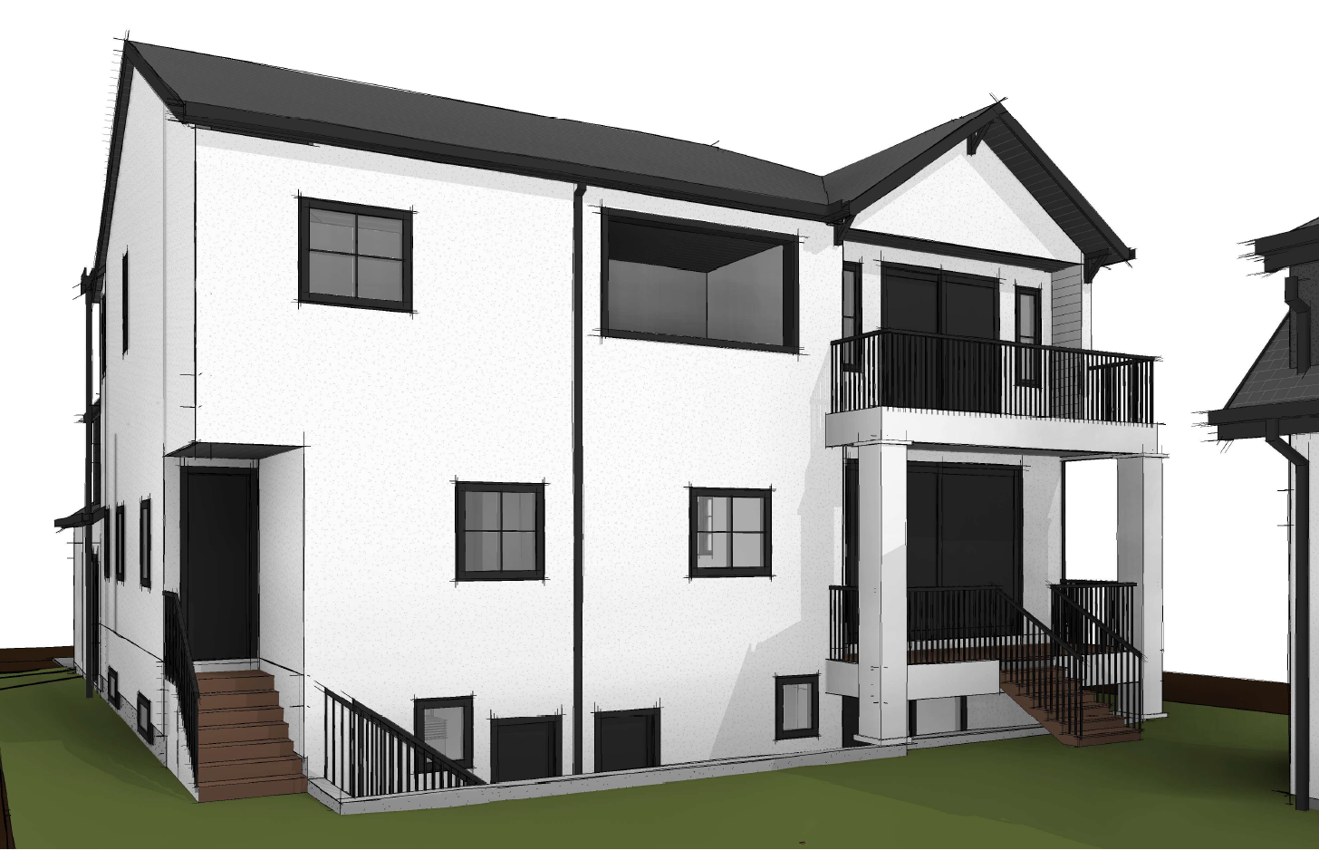 create a stunning render of a modern two story house with a sleek minimalist design the facade features a white hardie siding complementing the contemporary farmhouse style use dark slate tiles for the downspout the windows should have a reflective glass effect and the balconies should have a transparent blue tinted glass railing incorporate lush well manicured green lawns around the house set the atmosphere to a sunny day with a clear blue sky casting soft natural shadows to create depth and realism lush seattle neighbourhood landscaped with tall cedars and grasses
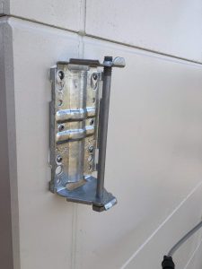 固定金具を壁面に取り付けるときにネジ穴から雨水が侵入しないようシーリング材を塗り込んでおきます。勿論ネジは外壁に利かせるのではなくその下地材にしっかり届く位置に取り付けました。
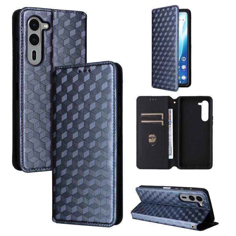 For Fujitsu Arrows We2 Plus F-51E Cubic Grid Texture Flip Leather Phone Case(Blue)
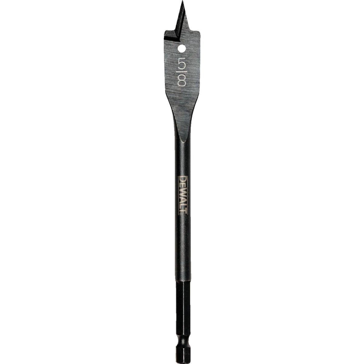 Featuring a heavy-duty, full-length, heat-treated shank for protection against bends and breaks, DeWALT spade bits are equipped with high-performance cutting spurs for optimum hole finish. An extreme speed channel provides fast chip removal and a 1/4 in ball groove shank offer quick-change applications. A 1/4 in hex shank helps to prevent slippage and a hang hole enables easy storage and wire pulling.
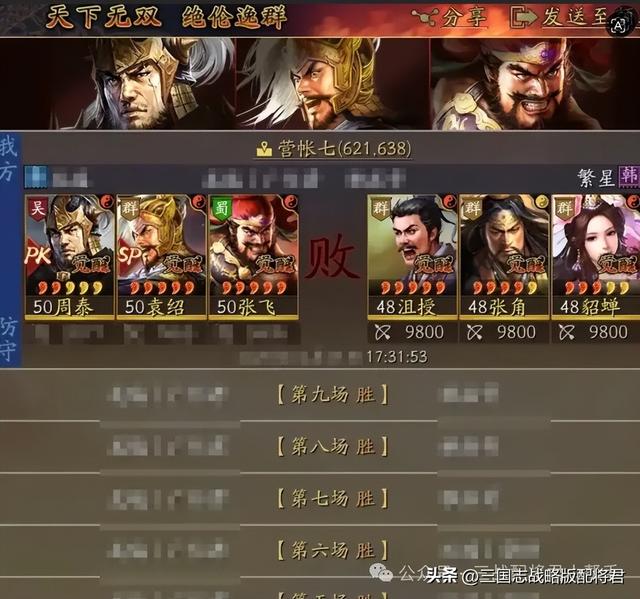 三战张飞又一套高胜率“军神盾”火了!在遍地弓兵队伍居多的九州剧本中,最高冲上了全服战功前5的位置,强度丝毫不逊属于张飞“熊烈盾”和“网红骑”,出门基本上都能做到把把强势的连穿,只要接战也是频繁拉横幅!最关键的还是在于“治·抚辑军民”类似于加强后的军民战法,非常契合周泰张飞SP袁绍的队伍组合,加上盾兵克制弓兵阵容的优势,从而大大的提高了队伍连穿的胜率,兄弟们抓紧组起来玩!
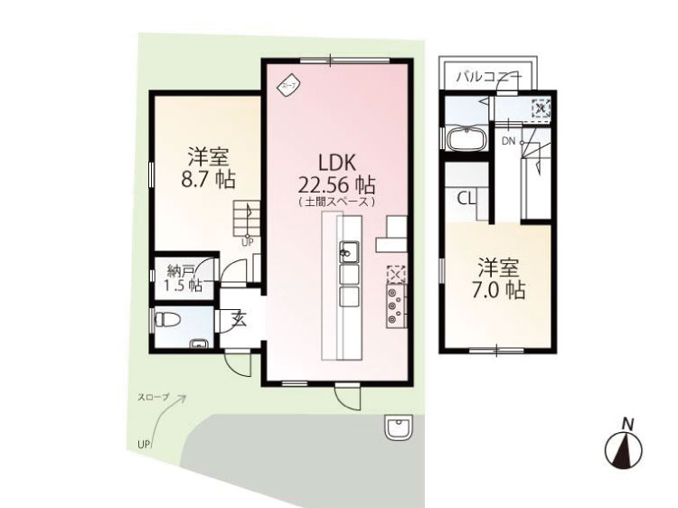 - ■間取り/1階:22.56LDK・洋8.7・S1.5
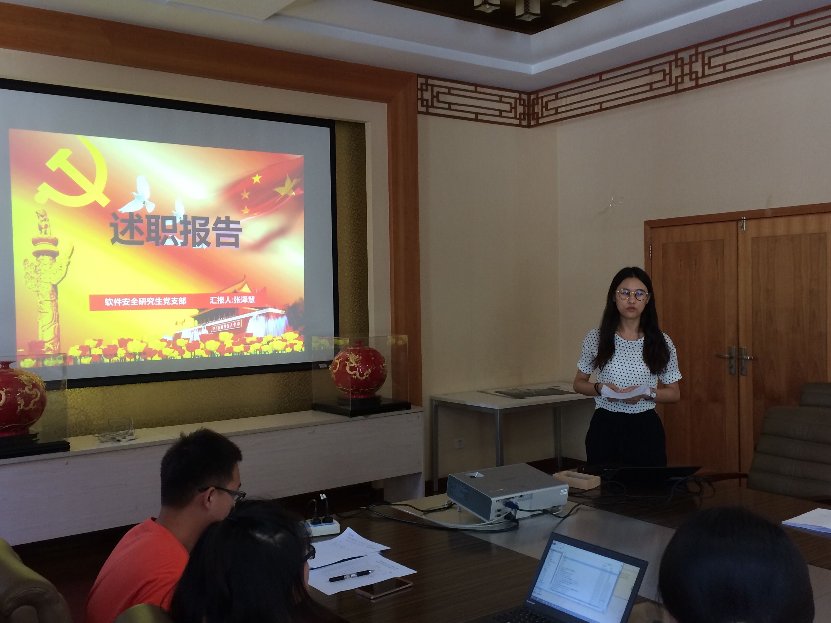 软件学院本学期对研究生党支部进行了改革,打破原有以班级为单位划分的组建方式,将博士党员、硕士一年级党员以研究所为基本单位设立研究生党支部。因此在此次述职中,调整后的党支部重点介绍了在促进实验室建设方面的工作。各系所研究生党支部邀请实验室老师、同学,围绕实验室学术氛围建设、实验室安全卫生建设、实验室集体凝聚力建设等展开讨论。根据讨论结果,各研究生党支部开展了夏日解暑、羽毛球比赛、实验室大扫除、科研大讨论等活动,促进实验室人文氛围建设及实验室学术氛围建设。通过交流汇报,各系所的研究生党支部相互借鉴,对下一步工作开展有了更活泼、更实在的构想。
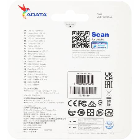 Флеш Диск A-Data 32Gb Classic C008 AC008-32G-RKD USB2.0 красный/черный
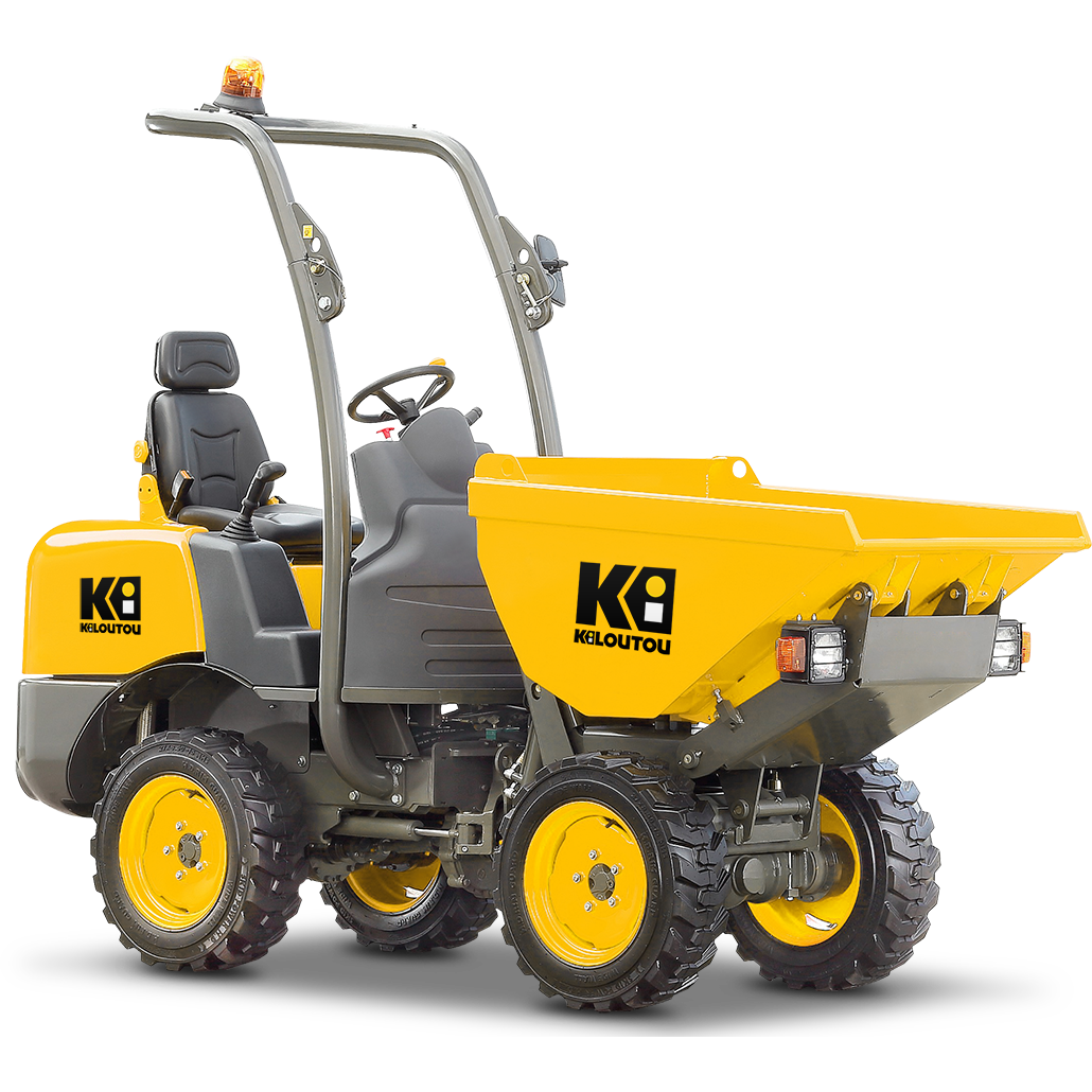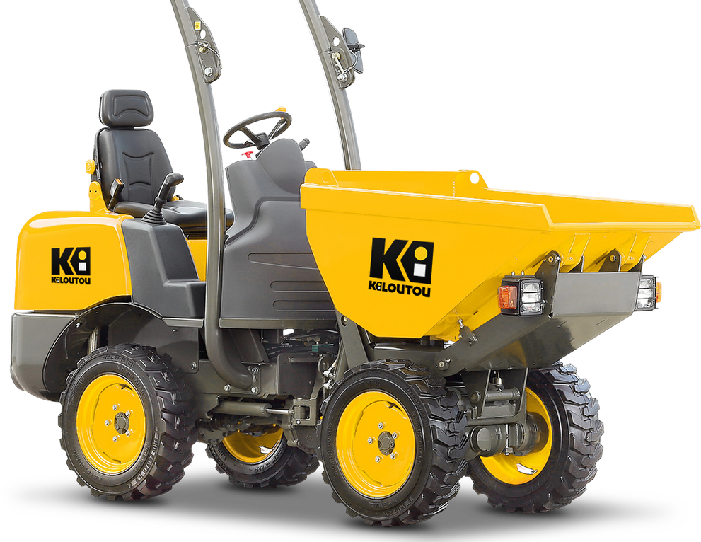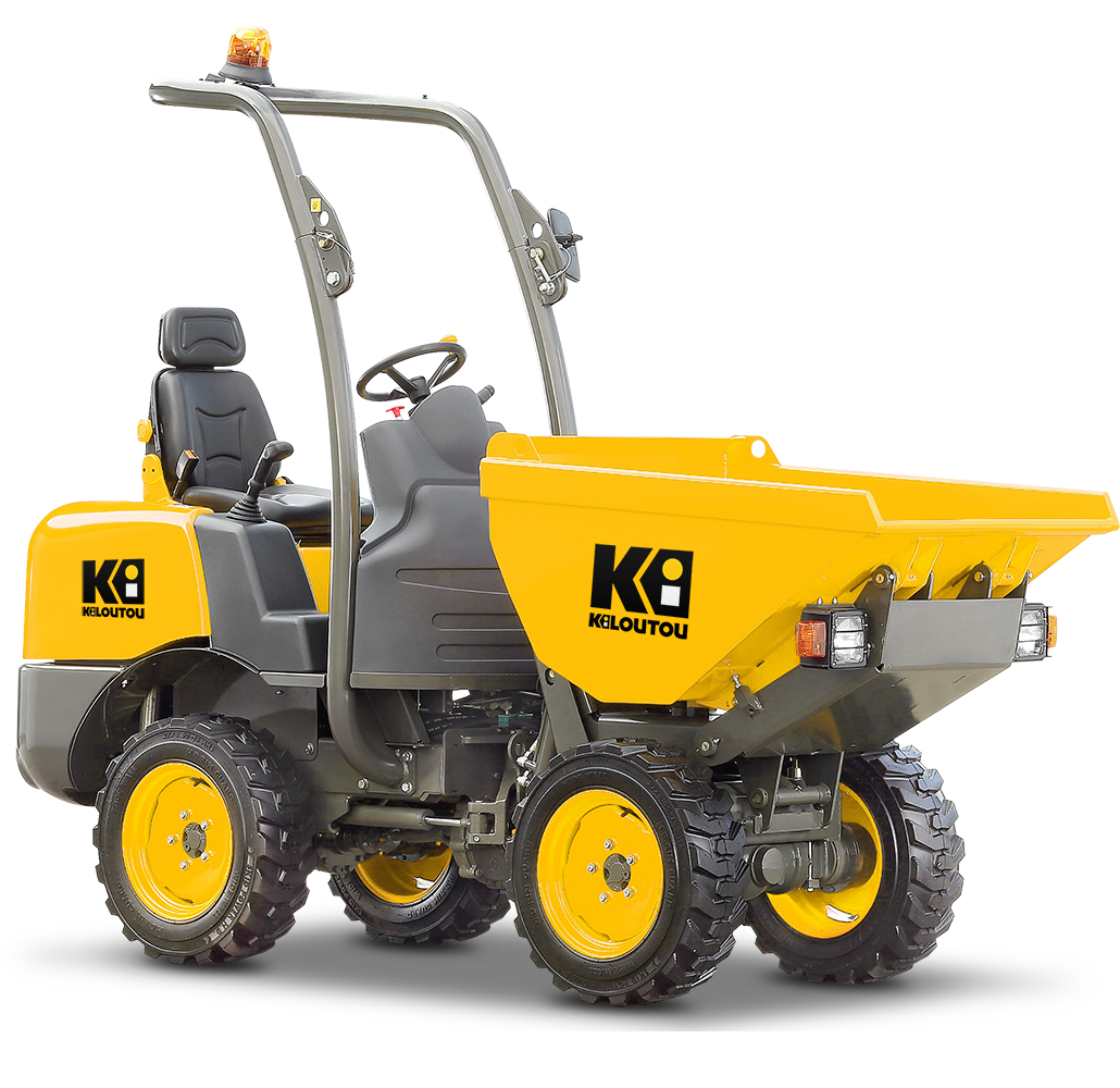 Este modelo de dumper permite realizar un vertido frontal y basculante en altura (altura de vertido de 1,63 m). Es capaz de transportar 1,1 toneladas de material en su volquete de 395 litros.
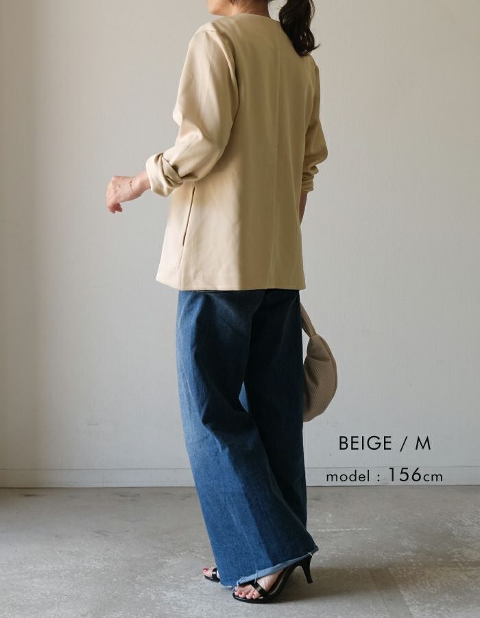 カジュアルにも、キレイめでも何にでも合わせやすいジャケットです。
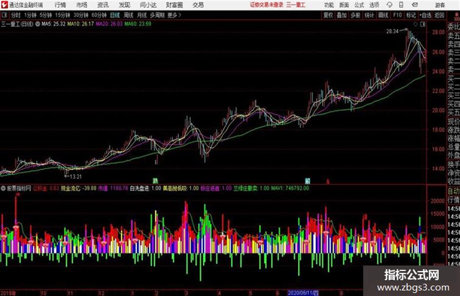 卖盘:=IF((CLOSE > OPEN),(0 - (VAR1 * ((HIGH - CLOSE) +

**PROBLEM DESCRIPTION:** Give back the full listing exactly as written, only without its pictures.

**RESULT FOR THIS TASK:**
 create a stunning render of a modern two story house with a sleek minimalist design the facade features a white hardie siding complementing the contemporary farmhouse style use dark slate tiles for the downspout the windows should have a reflective glass effect and the balconies should have a transparent blue tinted glass railing incorporate lush well manicured green lawns around the house set the atmosphere to a sunny day with a clear blue sky casting soft natural shadows to create depth and realism lush seattle neighbourhood landscaped with tall cedars and grasses
 固定金具を壁面に取り付けるときにネジ穴から雨水が侵入しないようシーリング材を塗り込んでおきます。勿論ネジは外壁に利かせるのではなくその下地材にしっかり届く位置に取り付けました。
 For Fujitsu Arrows We2 Plus F-51E Cubic Grid Texture Flip Leather Phone Case(Blue)
 Featuring a heavy-duty, full-length, heat-treated shank for protection against bends and breaks, DeWALT spade bits are equipped with high-performance cutting spurs for optimum hole finish. An extreme speed channel provides fast chip removal and a 1/4 in ball groove shank offer quick-change applications. A 1/4 in hex shank helps to prevent slippage and a hang hole enables easy storage and wire pulling.
 三战张飞又一套高胜率“军神盾”火了!在遍地弓兵队伍居多的九州剧本中,最高冲上了全服战功前5的位置,强度丝毫不逊属于张飞“熊烈盾”和“网红骑”,出门基本上都能做到把把强势的连穿,只要接战也是频繁拉横幅!最关键的还是在于“治·抚辑军民”类似于加强后的军民战法,非常契合周泰张飞SP袁绍的队伍组合,加上盾兵克制弓兵阵容的优势,从而大大的提高了队伍连穿的胜率,兄弟们抓紧组起来玩!
 - ■間取り/1階:22.56LDK・洋8.7・S1.5
 软件学院本学期对研究生党支部进行了改革,打破原有以班级为单位划分的组建方式,将博士党员、硕士一年级党员以研究所为基本单位设立研究生党支部。因此在此次述职中,调整后的党支部重点介绍了在促进实验室建设方面的工作。各系所研究生党支部邀请实验室老师、同学,围绕实验室学术氛围建设、实验室安全卫生建设、实验室集体凝聚力建设等展开讨论。根据讨论结果,各研究生党支部开展了夏日解暑、羽毛球比赛、实验室大扫除、科研大讨论等活动,促进实验室人文氛围建设及实验室学术氛围建设。通过交流汇报,各系所的研究生党支部相互借鉴,对下一步工作开展有了更活泼、更实在的构想。
 Флеш Диск A-Data 32Gb Classic C008 AC008-32G-RKD USB2.0 красный/черный
 Este modelo de dumper permite realizar un vertido frontal y basculante en altura (altura de vertido de 1,63 m). Es capaz de transportar 1,1 toneladas de material en su volquete de 395 litros.
 カジュアルにも、キレイめでも何にでも合わせやすいジャケットです。
 卖盘:=IF((CLOSE > OPEN),(0 - (VAR1 * ((HIGH - CLOSE) +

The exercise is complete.